> _EXERCISE_: Transcribe, starting at the line with "Sharpen your look" and ending at the line with "Roki Sasaki ロサンゼルス・ドジャース", every line of the material below exactly, but leave out the pictures and anything outside that span.

◆ ◆ ◆

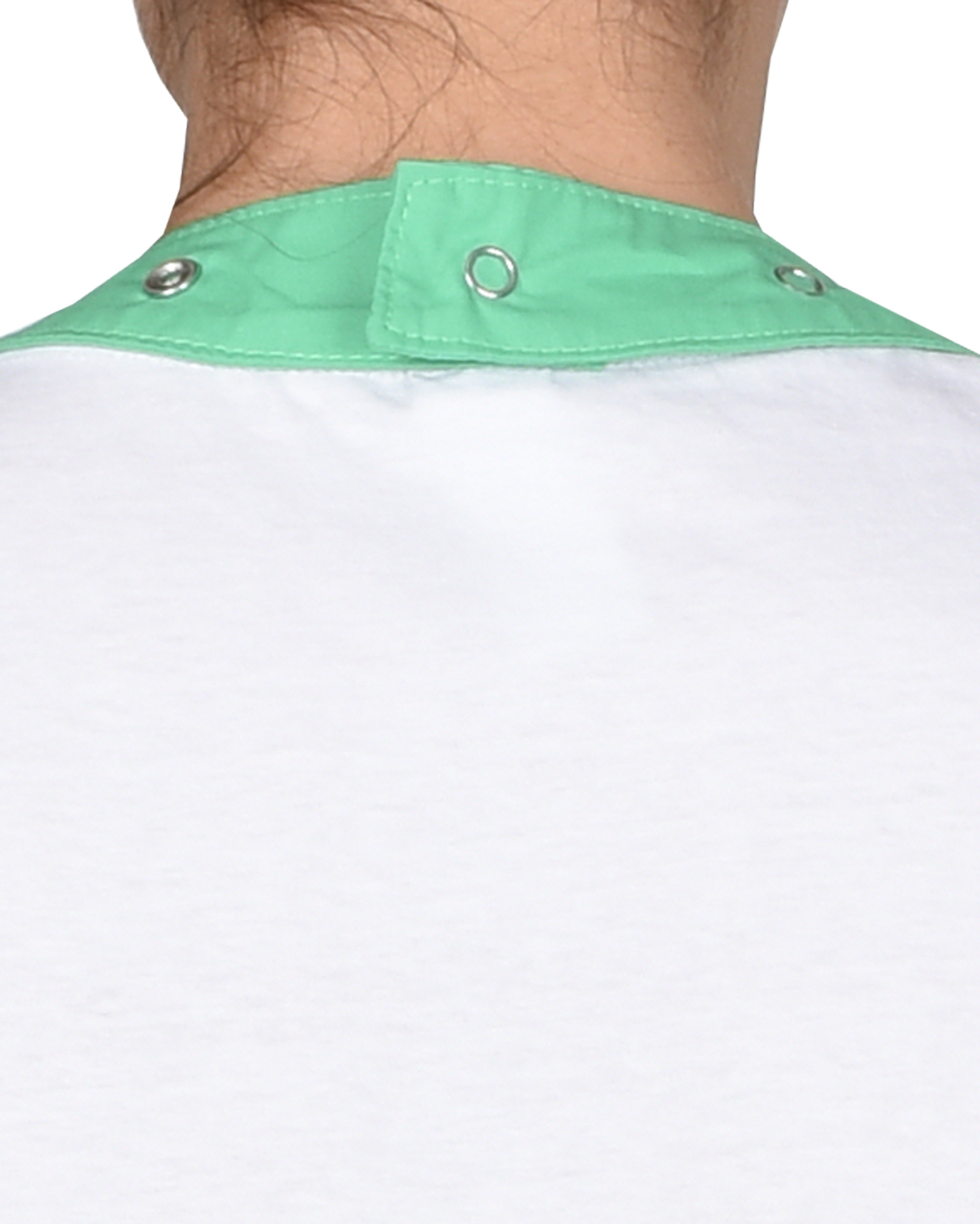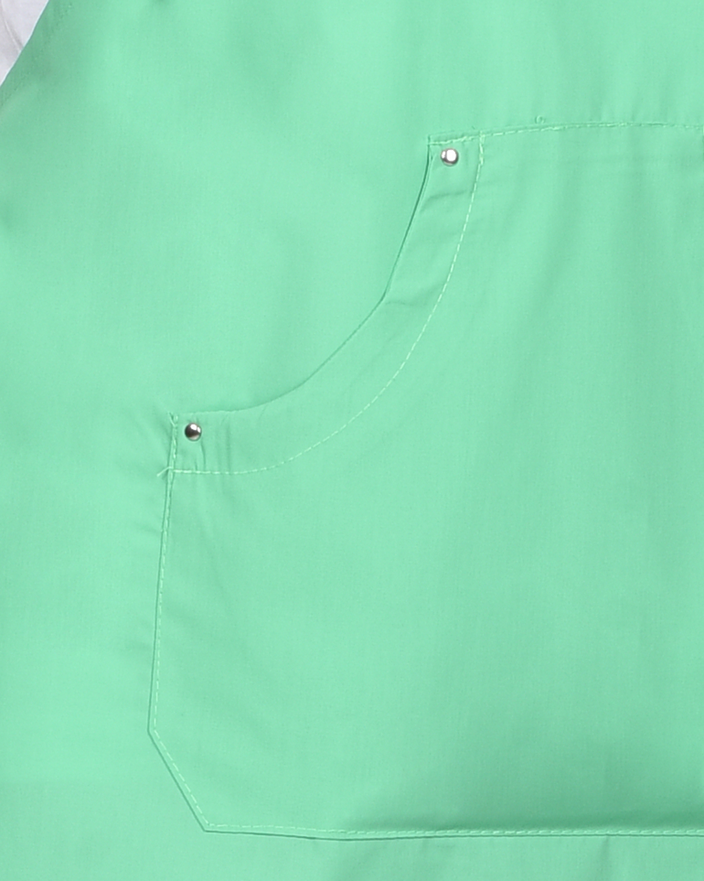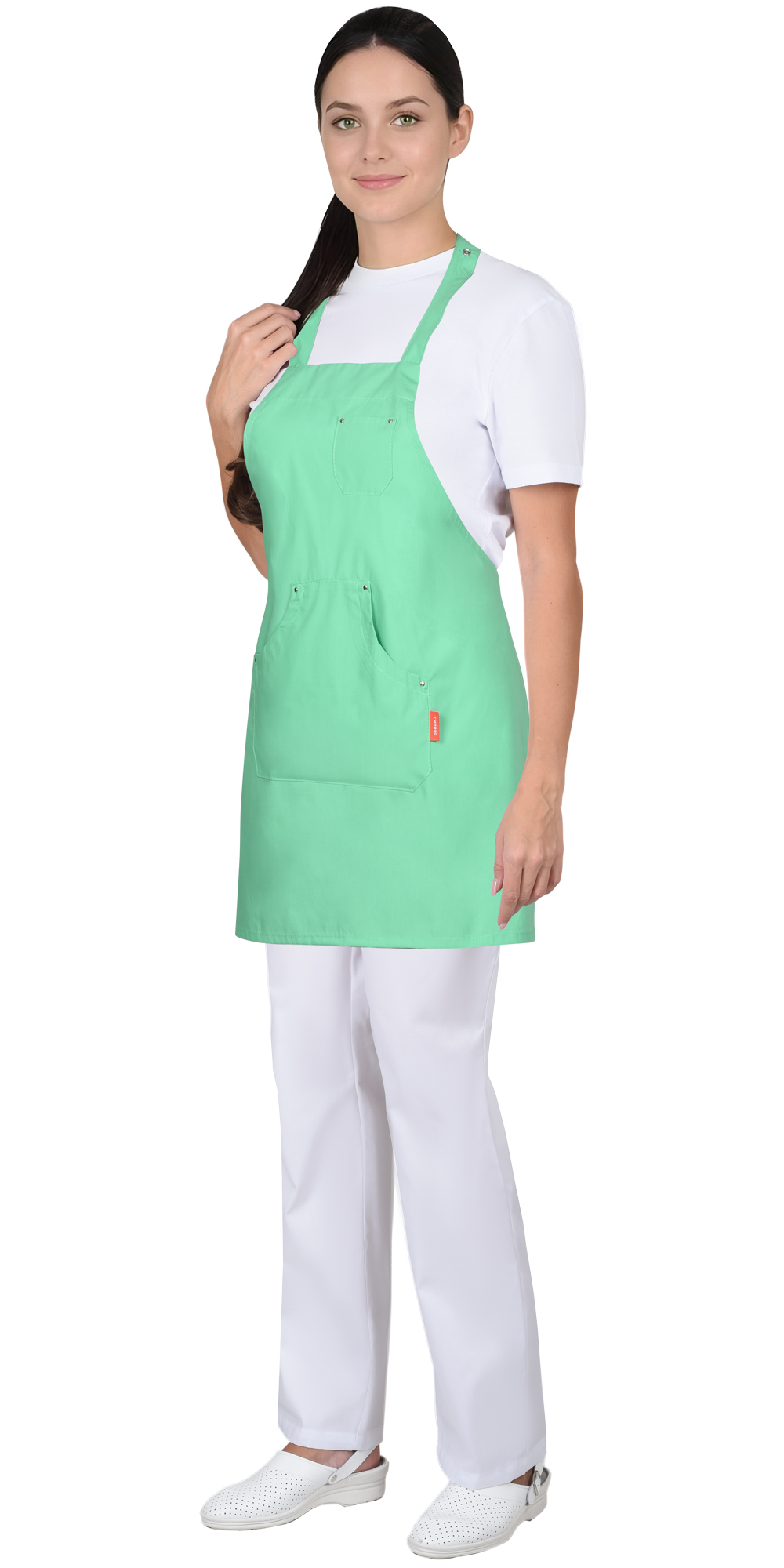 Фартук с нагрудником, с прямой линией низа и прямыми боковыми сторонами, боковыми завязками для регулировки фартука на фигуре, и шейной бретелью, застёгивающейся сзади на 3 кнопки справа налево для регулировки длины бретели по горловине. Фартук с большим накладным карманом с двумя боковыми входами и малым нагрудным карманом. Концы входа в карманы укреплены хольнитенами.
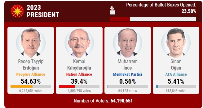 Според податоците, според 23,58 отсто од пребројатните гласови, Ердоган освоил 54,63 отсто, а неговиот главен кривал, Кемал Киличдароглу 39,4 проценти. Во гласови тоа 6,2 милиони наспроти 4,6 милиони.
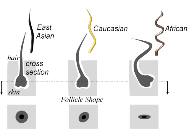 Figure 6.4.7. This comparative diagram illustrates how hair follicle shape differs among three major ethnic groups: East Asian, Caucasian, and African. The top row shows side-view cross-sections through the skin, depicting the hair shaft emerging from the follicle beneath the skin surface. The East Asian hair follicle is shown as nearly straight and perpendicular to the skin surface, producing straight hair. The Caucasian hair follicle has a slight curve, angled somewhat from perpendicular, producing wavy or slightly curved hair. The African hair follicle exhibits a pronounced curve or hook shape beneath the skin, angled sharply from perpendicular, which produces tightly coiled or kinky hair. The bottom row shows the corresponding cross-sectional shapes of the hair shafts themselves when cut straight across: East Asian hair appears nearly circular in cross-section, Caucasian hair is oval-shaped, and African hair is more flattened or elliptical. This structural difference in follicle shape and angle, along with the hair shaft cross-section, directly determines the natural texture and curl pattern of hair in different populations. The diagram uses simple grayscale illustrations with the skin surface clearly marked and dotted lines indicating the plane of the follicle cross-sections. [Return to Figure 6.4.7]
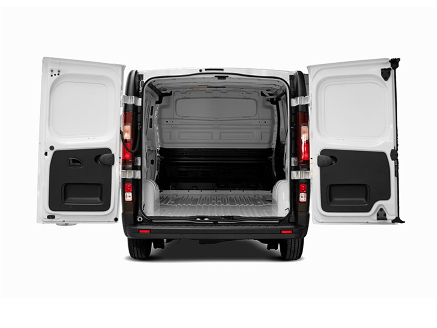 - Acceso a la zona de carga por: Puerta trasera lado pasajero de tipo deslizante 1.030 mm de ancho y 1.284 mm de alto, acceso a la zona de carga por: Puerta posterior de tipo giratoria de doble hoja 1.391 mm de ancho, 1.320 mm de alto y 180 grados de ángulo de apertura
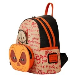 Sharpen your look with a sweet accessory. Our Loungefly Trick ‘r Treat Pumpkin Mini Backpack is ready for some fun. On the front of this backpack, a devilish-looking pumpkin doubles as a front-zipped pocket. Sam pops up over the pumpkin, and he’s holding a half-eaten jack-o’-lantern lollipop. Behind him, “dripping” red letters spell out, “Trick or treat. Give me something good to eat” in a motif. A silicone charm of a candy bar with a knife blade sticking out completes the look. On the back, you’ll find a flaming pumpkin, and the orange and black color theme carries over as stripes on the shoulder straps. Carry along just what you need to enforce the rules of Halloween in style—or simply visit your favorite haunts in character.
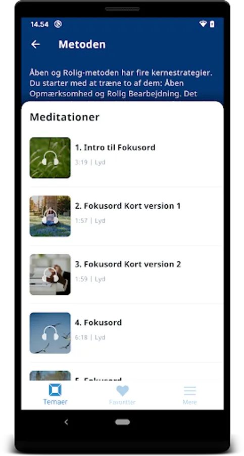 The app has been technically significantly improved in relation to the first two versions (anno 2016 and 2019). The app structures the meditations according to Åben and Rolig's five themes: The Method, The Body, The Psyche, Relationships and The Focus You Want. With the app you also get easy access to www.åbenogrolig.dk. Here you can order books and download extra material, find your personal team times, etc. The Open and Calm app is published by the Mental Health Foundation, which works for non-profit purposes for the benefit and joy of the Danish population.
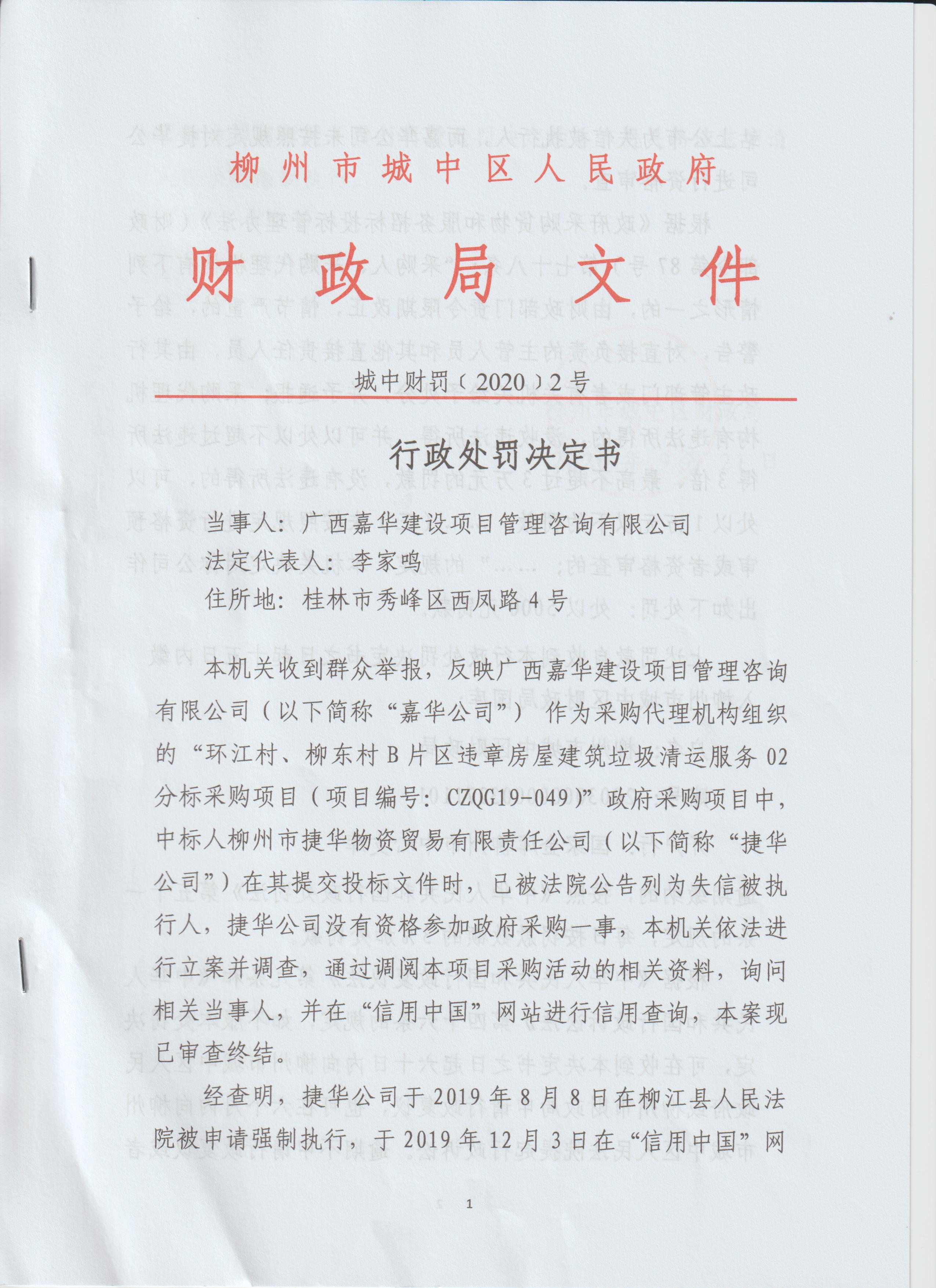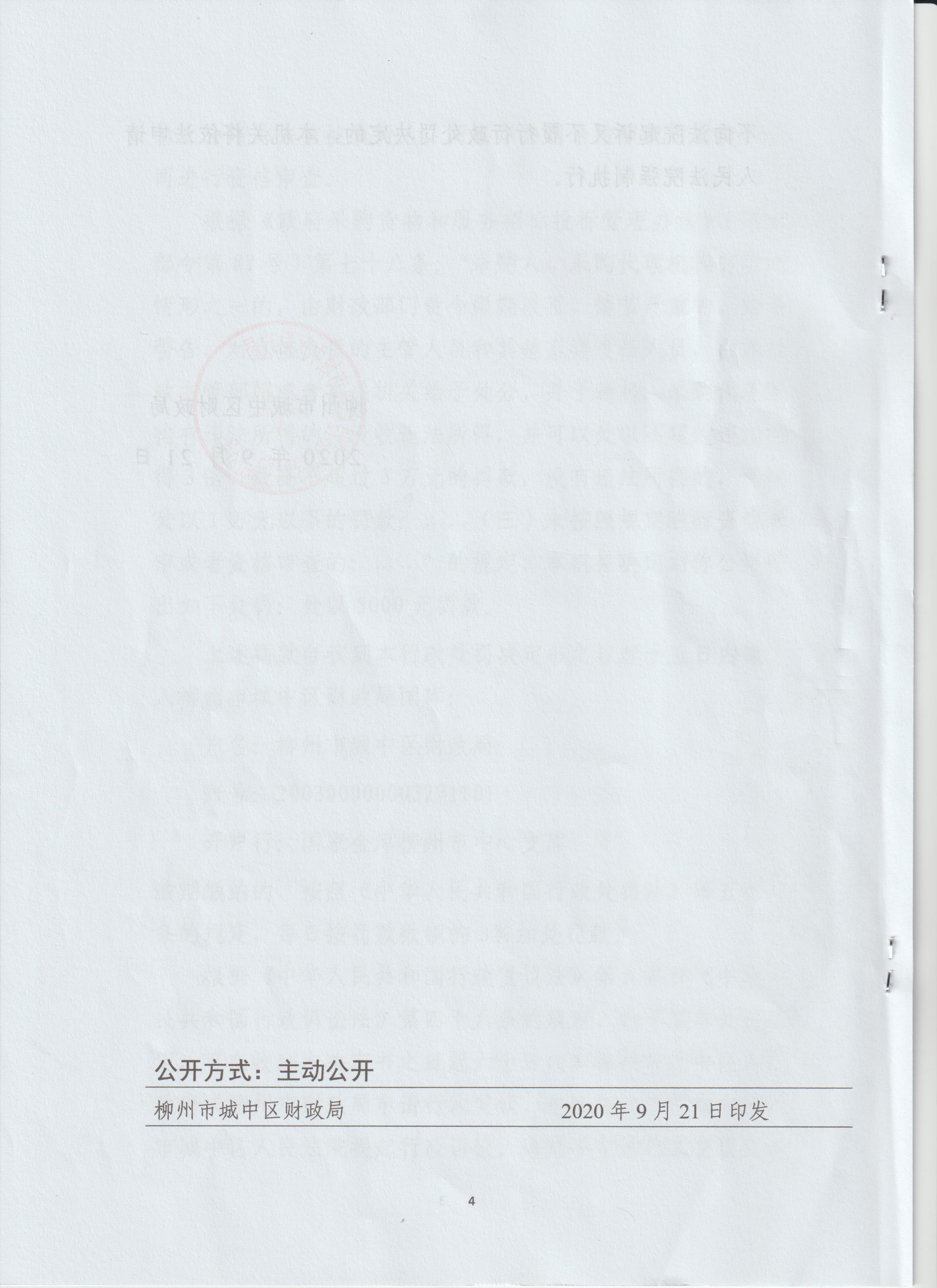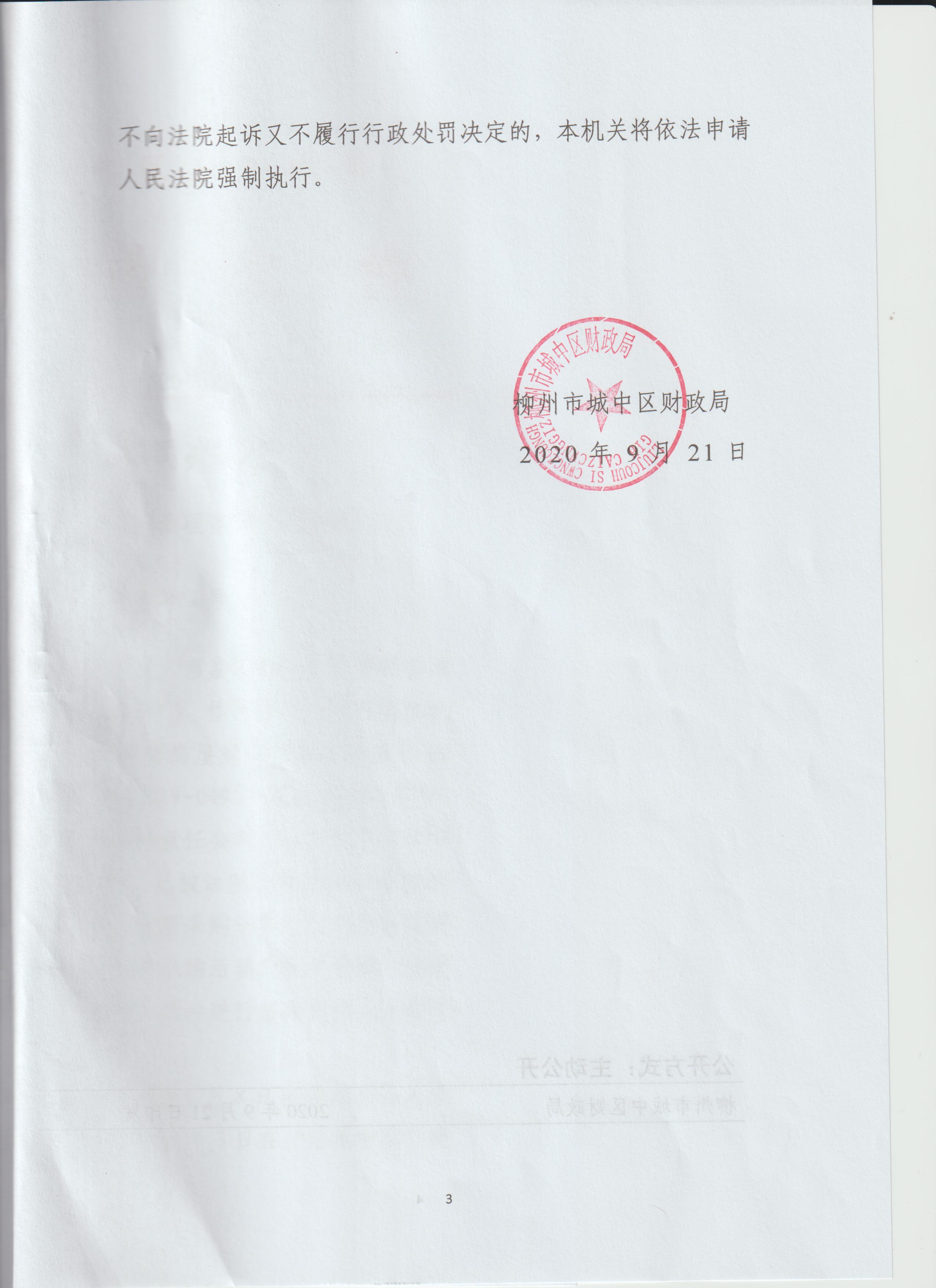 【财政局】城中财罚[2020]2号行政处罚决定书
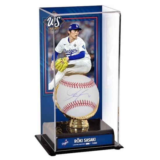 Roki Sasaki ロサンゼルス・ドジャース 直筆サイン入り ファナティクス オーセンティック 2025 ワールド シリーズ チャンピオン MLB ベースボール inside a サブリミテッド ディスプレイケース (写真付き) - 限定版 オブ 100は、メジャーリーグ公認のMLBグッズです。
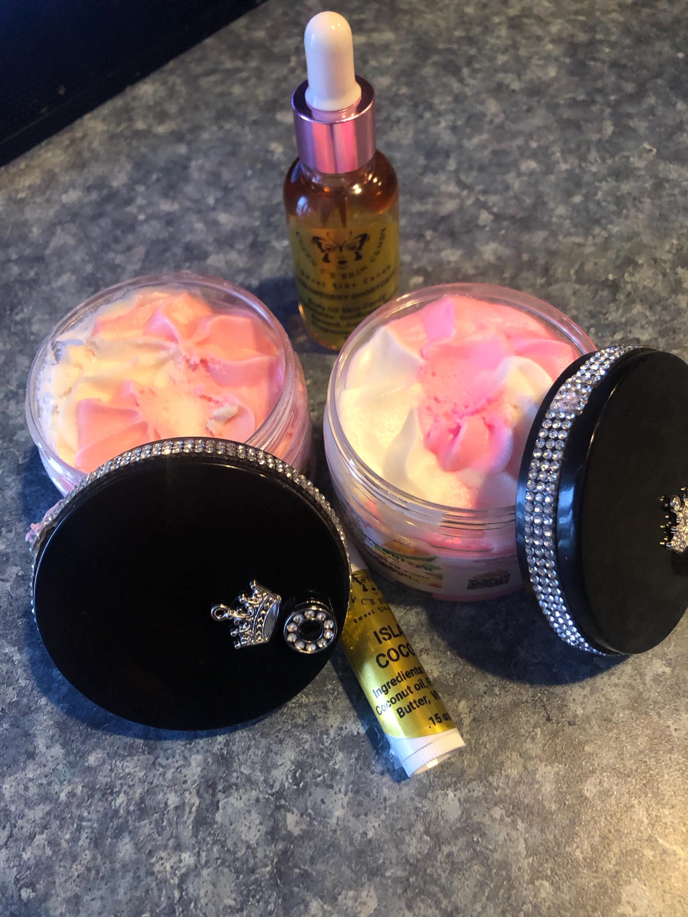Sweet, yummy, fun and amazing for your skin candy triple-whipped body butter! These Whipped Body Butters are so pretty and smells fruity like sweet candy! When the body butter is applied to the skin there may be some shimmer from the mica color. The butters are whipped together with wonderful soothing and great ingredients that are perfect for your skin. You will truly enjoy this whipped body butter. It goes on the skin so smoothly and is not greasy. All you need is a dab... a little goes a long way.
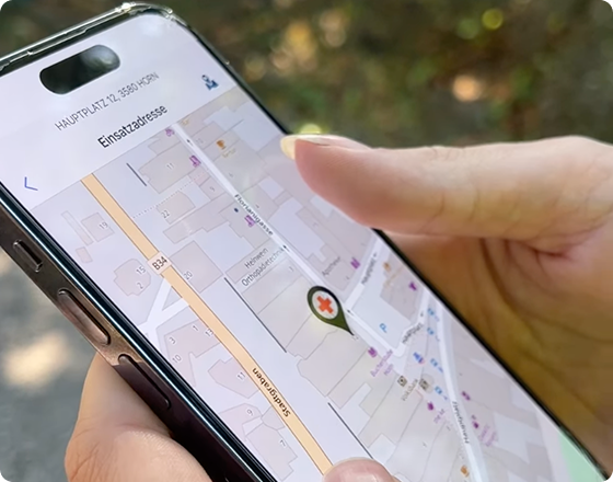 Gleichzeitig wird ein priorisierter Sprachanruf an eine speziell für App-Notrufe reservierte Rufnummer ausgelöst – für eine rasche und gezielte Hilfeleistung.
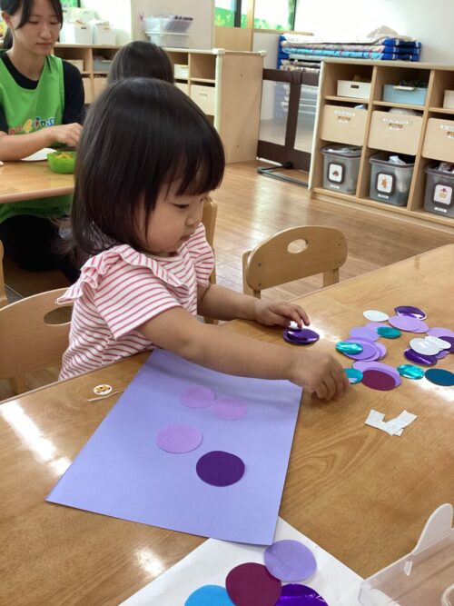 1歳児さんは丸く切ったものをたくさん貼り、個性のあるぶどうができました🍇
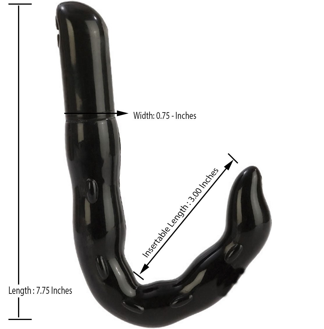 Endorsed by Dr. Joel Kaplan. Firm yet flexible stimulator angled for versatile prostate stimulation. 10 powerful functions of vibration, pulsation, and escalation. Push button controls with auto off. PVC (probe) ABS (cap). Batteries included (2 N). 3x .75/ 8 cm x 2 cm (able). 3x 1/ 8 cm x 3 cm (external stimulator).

◆ ◆ ◆

> _YOUR RESPONSE_:
 Sharpen your look with a sweet accessory. Our Loungefly Trick ‘r Treat Pumpkin Mini Backpack is ready for some fun. On the front of this backpack, a devilish-looking pumpkin doubles as a front-zipped pocket. Sam pops up over the pumpkin, and he’s holding a half-eaten jack-o’-lantern lollipop. Behind him, “dripping” red letters spell out, “Trick or treat. Give me something good to eat” in a motif. A silicone charm of a candy bar with a knife blade sticking out completes the look. On the back, you’ll find a flaming pumpkin, and the orange and black color theme carries over as stripes on the shoulder straps. Carry along just what you need to enforce the rules of Halloween in style—or simply visit your favorite haunts in character.
 The app has been technically significantly improved in relation to the first two versions (anno 2016 and 2019). The app structures the meditations according to Åben and Rolig's five themes: The Method, The Body, The Psyche, Relationships and The Focus You Want. With the app you also get easy access to www.åbenogrolig.dk. Here you can order books and download extra material, find your personal team times, etc. The Open and Calm app is published by the Mental Health Foundation, which works for non-profit purposes for the benefit and joy of the Danish population.
 【财政局】城中财罚[2020]2号行政处罚决定书
 Roki Sasaki ロサンゼルス・ドジャース 直筆サイン入り ファナティクス オーセンティック 2025 ワールド シリーズ チャンピオン MLB ベースボール inside a サブリミテッド ディスプレイケース (写真付き) - 限定版 オブ 100は、メジャーリーグ公認のMLBグッズです。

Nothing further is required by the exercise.